PROVIDED RECORDS
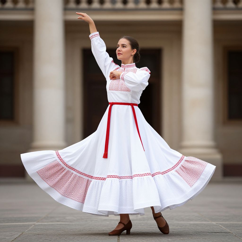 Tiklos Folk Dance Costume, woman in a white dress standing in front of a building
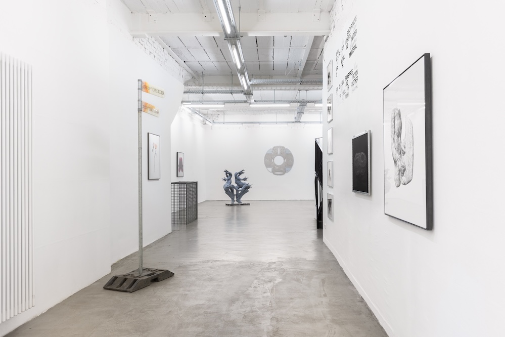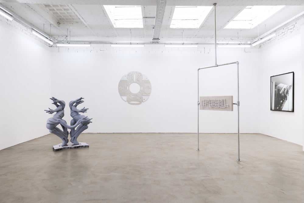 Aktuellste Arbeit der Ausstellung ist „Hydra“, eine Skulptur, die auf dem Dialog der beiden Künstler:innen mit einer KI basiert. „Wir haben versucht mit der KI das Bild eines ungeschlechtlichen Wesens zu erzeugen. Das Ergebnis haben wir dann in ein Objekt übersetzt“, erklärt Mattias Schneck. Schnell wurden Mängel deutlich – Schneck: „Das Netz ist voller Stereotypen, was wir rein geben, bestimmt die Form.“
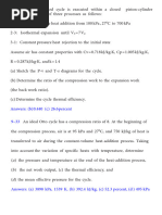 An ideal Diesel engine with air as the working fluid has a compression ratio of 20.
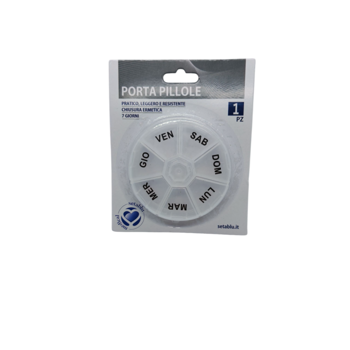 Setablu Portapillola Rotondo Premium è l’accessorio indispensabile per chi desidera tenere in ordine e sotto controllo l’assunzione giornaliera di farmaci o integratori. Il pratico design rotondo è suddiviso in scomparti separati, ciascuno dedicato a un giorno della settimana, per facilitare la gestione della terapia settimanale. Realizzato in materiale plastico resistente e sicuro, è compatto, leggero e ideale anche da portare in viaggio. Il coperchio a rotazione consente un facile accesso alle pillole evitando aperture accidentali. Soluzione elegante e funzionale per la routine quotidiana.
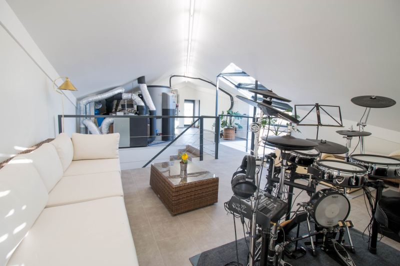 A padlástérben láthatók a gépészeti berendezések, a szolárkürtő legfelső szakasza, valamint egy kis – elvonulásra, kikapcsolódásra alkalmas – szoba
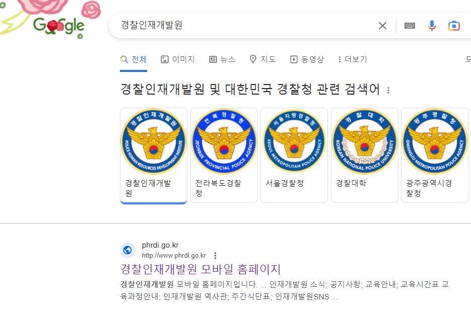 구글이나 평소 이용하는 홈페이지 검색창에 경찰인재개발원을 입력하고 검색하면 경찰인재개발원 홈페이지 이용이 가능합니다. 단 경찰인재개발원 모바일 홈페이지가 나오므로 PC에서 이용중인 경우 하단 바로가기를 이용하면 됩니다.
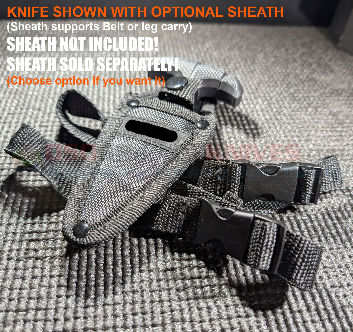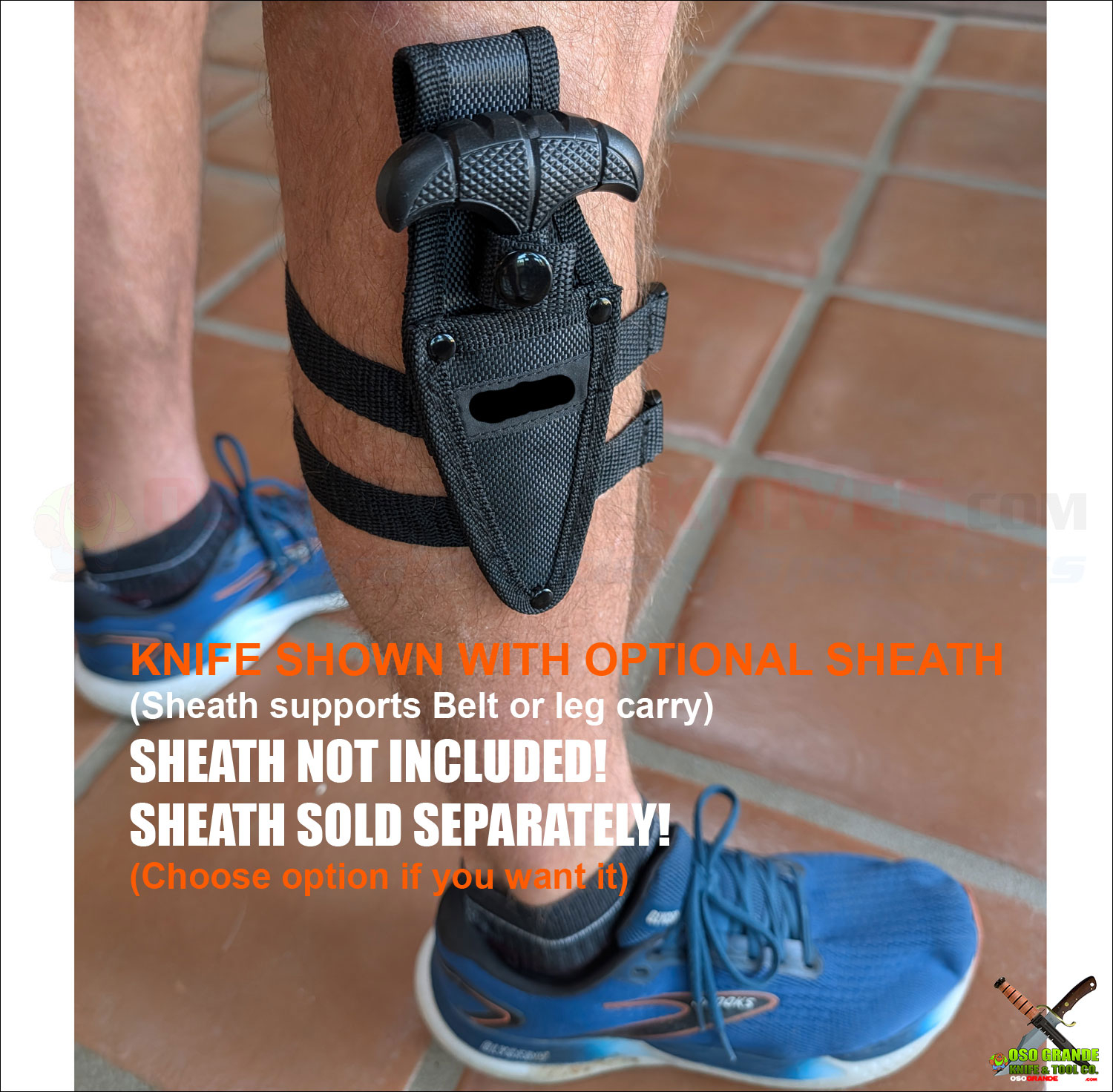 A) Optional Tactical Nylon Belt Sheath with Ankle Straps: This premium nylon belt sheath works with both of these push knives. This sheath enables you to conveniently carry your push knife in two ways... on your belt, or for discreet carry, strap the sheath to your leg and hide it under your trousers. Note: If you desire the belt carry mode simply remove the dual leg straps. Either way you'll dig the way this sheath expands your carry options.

ASSIGNMENT
What you hand back should match the listing exactly, except that no pictures appear.

TASK OUTPUT
 Tiklos Folk Dance Costume, woman in a white dress standing in front of a building
 Aktuellste Arbeit der Ausstellung ist „Hydra“, eine Skulptur, die auf dem Dialog der beiden Künstler:innen mit einer KI basiert. „Wir haben versucht mit der KI das Bild eines ungeschlechtlichen Wesens zu erzeugen. Das Ergebnis haben wir dann in ein Objekt übersetzt“, erklärt Mattias Schneck. Schnell wurden Mängel deutlich – Schneck: „Das Netz ist voller Stereotypen, was wir rein geben, bestimmt die Form.“
 An ideal Diesel engine with air as the working fluid has a compression ratio of 20.
 Setablu Portapillola Rotondo Premium è l’accessorio indispensabile per chi desidera tenere in ordine e sotto controllo l’assunzione giornaliera di farmaci o integratori. Il pratico design rotondo è suddiviso in scomparti separati, ciascuno dedicato a un giorno della settimana, per facilitare la gestione della terapia settimanale. Realizzato in materiale plastico resistente e sicuro, è compatto, leggero e ideale anche da portare in viaggio. Il coperchio a rotazione consente un facile accesso alle pillole evitando aperture accidentali. Soluzione elegante e funzionale per la routine quotidiana.
 A padlástérben láthatók a gépészeti berendezések, a szolárkürtő legfelső szakasza, valamint egy kis – elvonulásra, kikapcsolódásra alkalmas – szoba
 구글이나 평소 이용하는 홈페이지 검색창에 경찰인재개발원을 입력하고 검색하면 경찰인재개발원 홈페이지 이용이 가능합니다. 단 경찰인재개발원 모바일 홈페이지가 나오므로 PC에서 이용중인 경우 하단 바로가기를 이용하면 됩니다.
 A) Optional Tactical Nylon Belt Sheath with Ankle Straps: This premium nylon belt sheath works with both of these push knives. This sheath enables you to conveniently carry your push knife in two ways... on your belt, or for discreet carry, strap the sheath to your leg and hide it under your trousers. Note: If you desire the belt carry mode simply remove the dual leg straps. Either way you'll dig the way this sheath expands your carry options.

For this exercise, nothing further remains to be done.